The methods generating policies are grouped by the service they are targeting (here, we showed the ADT-related policies). This was an intentional design choice, made not only as a logical grouping for readability, but also to make it easier to centralize all policy-related setup in this class, so that the consuming SDK clients will only need to extract a single policy. We will see later in this document how this can be extended with PolicyWrap to flexibly combine multiple policies into one custom policy when performing chaos testing with Simmy.
Note that our Circuit Breaker policy explicitly handles only RequestFailedExceptions, which is the exception type thrown by the ADT .NET SDK on service errors. We introspect further on the status code of this error to only trigger the policy on the ones that potentially indicate a transient HTTP error (e.g. >=500 status code for an Internal Service Error, request timeouts, or rate-limits exceeded). More examples of pattern matching in policy construction to enable the configuration best suited to your use case can be found in the Polly Circuit Breaker quickstart.
We pass the allowed exception count and cool-off period of the circuit breaker through to these methods as variables. This parameterization allows us to configure these via the external app settings for easy tuning.

We can call this extension method in our main Startup.cs class of the Functions project:

var config = this.GetConfiguration(builder);

// Add Polly
var settings = new StreamingDataFlowSettings(config);

builder.Services.AddPollyPolicies(settings.CircuitBreakerAllowedExceptionCount, settings.CircuitBreakerWaitTimeSec);

Here, StreamingDataFlowSettings is a POCO class meant to map to the local or deployed settings for the function app, through which we can set the configuration for all components of the application.

Implementation in SDK clients

As we discussed above, to use the policies registered in our startup class, we can extract what we need to use by name in the constructor of our consuming client classes (here, in AdtClient.cs):

private readonly IAsyncPolicy policy;

...

  // In the AdtClient() constructor
  this.policy = policyRegistry.Get<IAsyncPolicy>(PolicyExtensions.AdtPolicyName);

We can then use this policy to execute the client requests provided by the ADT .NET SDK. As an example:

public void UpdateTwinAsync<BasicDigitalTwin>(string twinId, BasicDigitalTwin twin)
{
    try
    {
        this.policy.ExecuteAsync<T>(() =>
            this.client.UpdateDigitalTwinAsync<T>(twinId, twin));
    }
    catch (RequestFailedException e)
    {
        this.logger.FailedToCreateTwin(...);
    }
}

All requests wrapped in this way will be subject to the circuit breaker policy we defined in the PolicyExtensions class, just like we wanted.

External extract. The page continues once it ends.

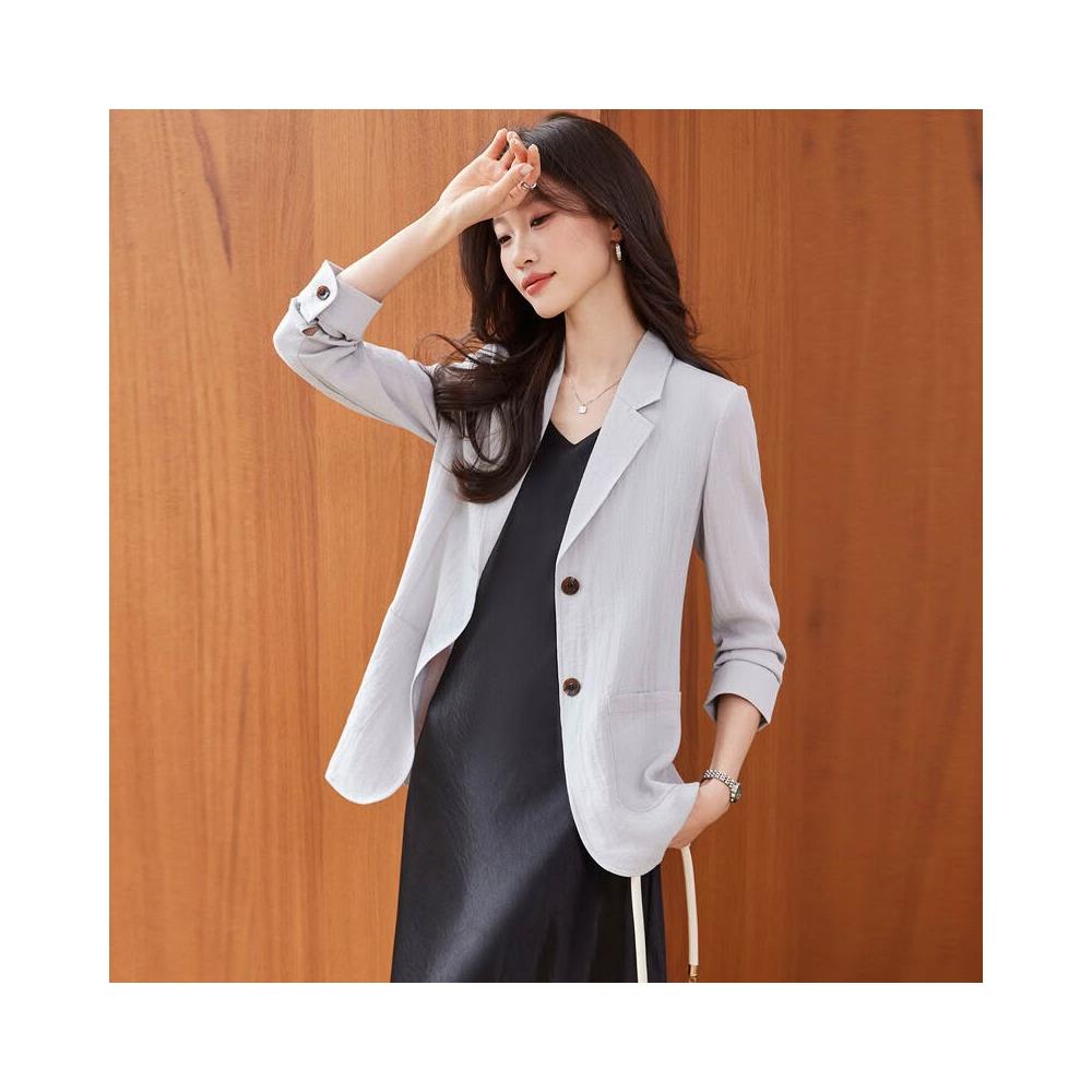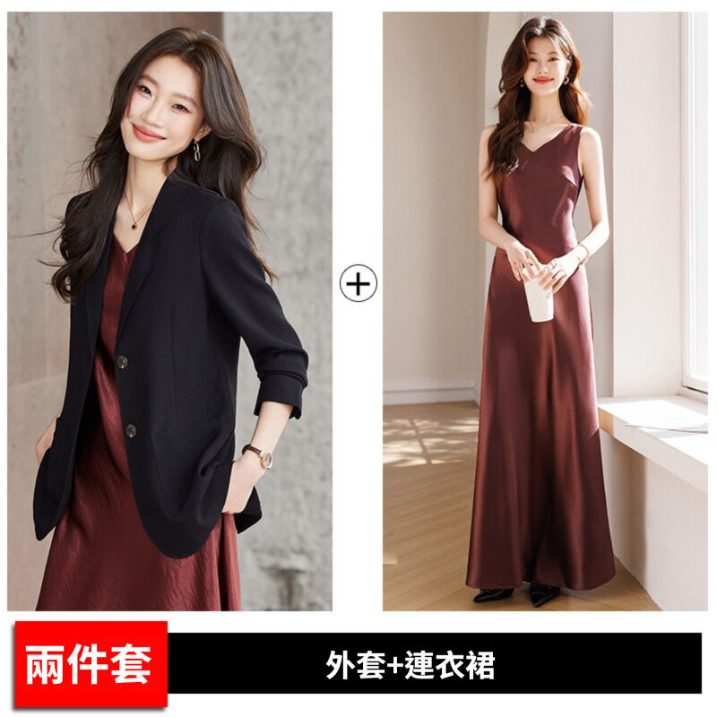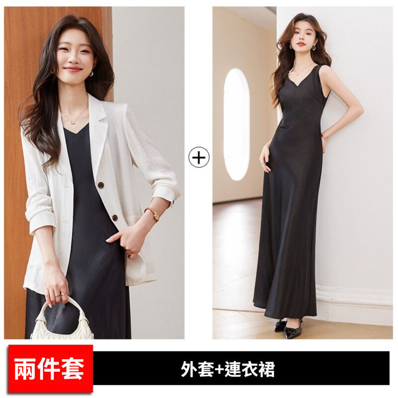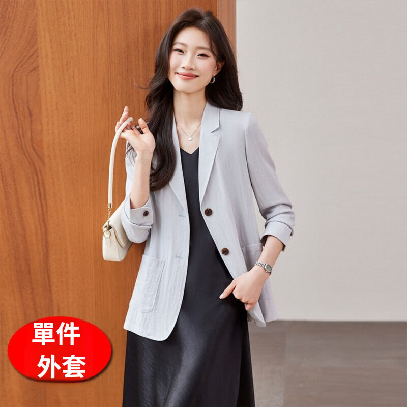 簡優 高級感亞麻西裝外套女2026新款春秋時尚今年流行小西服連衣裙套裝

Testing resilience with Simmy

So far in this post, we’ve seen how to implement and configure Polly policies to improve resilience in our .NET Azure Functions applications. This is great! A well-considered resilience engineering strategy can give us tremendous peace of mind to know that transient errors are being handled gracefully. However, it’s also best to ensure that this fault handling is correctly implemented and configured; while transient dependency failures are an inevitable part of software, it isn’t easy to replicate the conditions that lead to them, like network failures or host throttling, in a repeatable and systematic way.

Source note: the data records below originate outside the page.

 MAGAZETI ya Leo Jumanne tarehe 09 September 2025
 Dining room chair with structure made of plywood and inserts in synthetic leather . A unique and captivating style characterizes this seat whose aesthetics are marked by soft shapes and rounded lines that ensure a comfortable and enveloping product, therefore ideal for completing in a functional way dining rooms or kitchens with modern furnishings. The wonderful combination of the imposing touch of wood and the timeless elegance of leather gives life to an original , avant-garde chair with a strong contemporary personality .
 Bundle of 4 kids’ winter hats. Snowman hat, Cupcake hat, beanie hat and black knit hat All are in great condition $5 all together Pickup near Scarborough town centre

When using Polly, Simmy is a natural next step to achieve these goals. Simmy is a library for performing chaos engineering by using configurable fault injections in a policy-centric way. It is directly built off of and integrated with Polly. As a bonus, this also means that we can reuse much of our existing code structure for policy registration and request execution.

Building a hypothesis

Resilience engineering and structuring chaos tests (really, most testing in software development), first requires you to understand what the expected behavior of your application is at a steady state. From there, you need to understand where and how it can fail, and then craft your hypothesis about what will happen in each case, following an “if-then” format (i.e. if X occurs at a rate of Y%, then Z will happen.)

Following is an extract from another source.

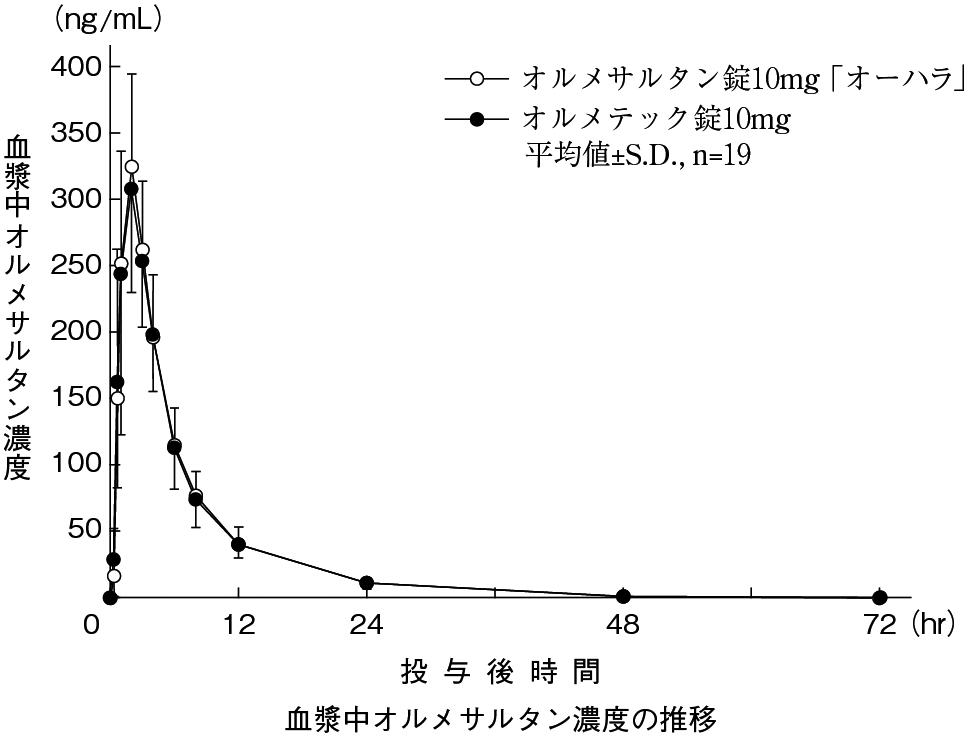 オルメサルタン錠10mg「オーハラ」とオルメテック錠10mgを、クロスオーバー法によりそれぞれ1錠(オルメサルタン メドキソミルとして10mg)健康成人男子に絶食単回経口投与して血漿中オルメサルタン(活性代謝物)濃度を測定した。得られた薬物動態パラメータ(AUC、Cmax)について90%信頼区間法にて統計解析を行った結果、log(0.80)~log(1.25)の範囲内であり、両剤の生物学的同等性が確認された7) 。
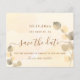 Um fundo de cor aquosa ouro decorado com folhagem de eucalipto ouro. Personalize e adicione a data, o local e seus nomes. Letras coloridas com ouro. O texto: Salvar a Data é gravado com um script de estilo com letra de tendência grande.

As a simple example, let’s look at the case of our application attempting to update twins in Azure Digital Twins. We know that if ADT encounters an error on receiving an update request, it will return a RequestFailedException, which will be logged by our application. We also know that we have configured our circuit breaker policy to specifically handle errors with status code 408 (Request Timeout), 429 (Too Many Requests), and anything >= 500 (Internal Status Error), so the circuit breaker will be triggered if we exceed a certain amount (allowedExceptionCount) of consecutive errors matching this criteria – for the sake of this example, lets say that allowedExceptionCount is 5. We can form two hypotheses based off of this information:

If the update request to ADT returns a RequestFailedException with status code 500 randomly 5% of the time (simulating some kind of temporary blip), then we expect to see these exceptions occur occasionally and be logged, but it would be rare to see the circuit breaker trigger, since exceptions need to be consecutive for the circuit to open.
If the update request to ADT returns a RequestFailedException with status code 500, 100% of the time (simulating an extended issue or outage), then we expect to see the exceptions logged 5 times and then the circuit breaker policy would trigger, blocking further requests via the .NET SDK.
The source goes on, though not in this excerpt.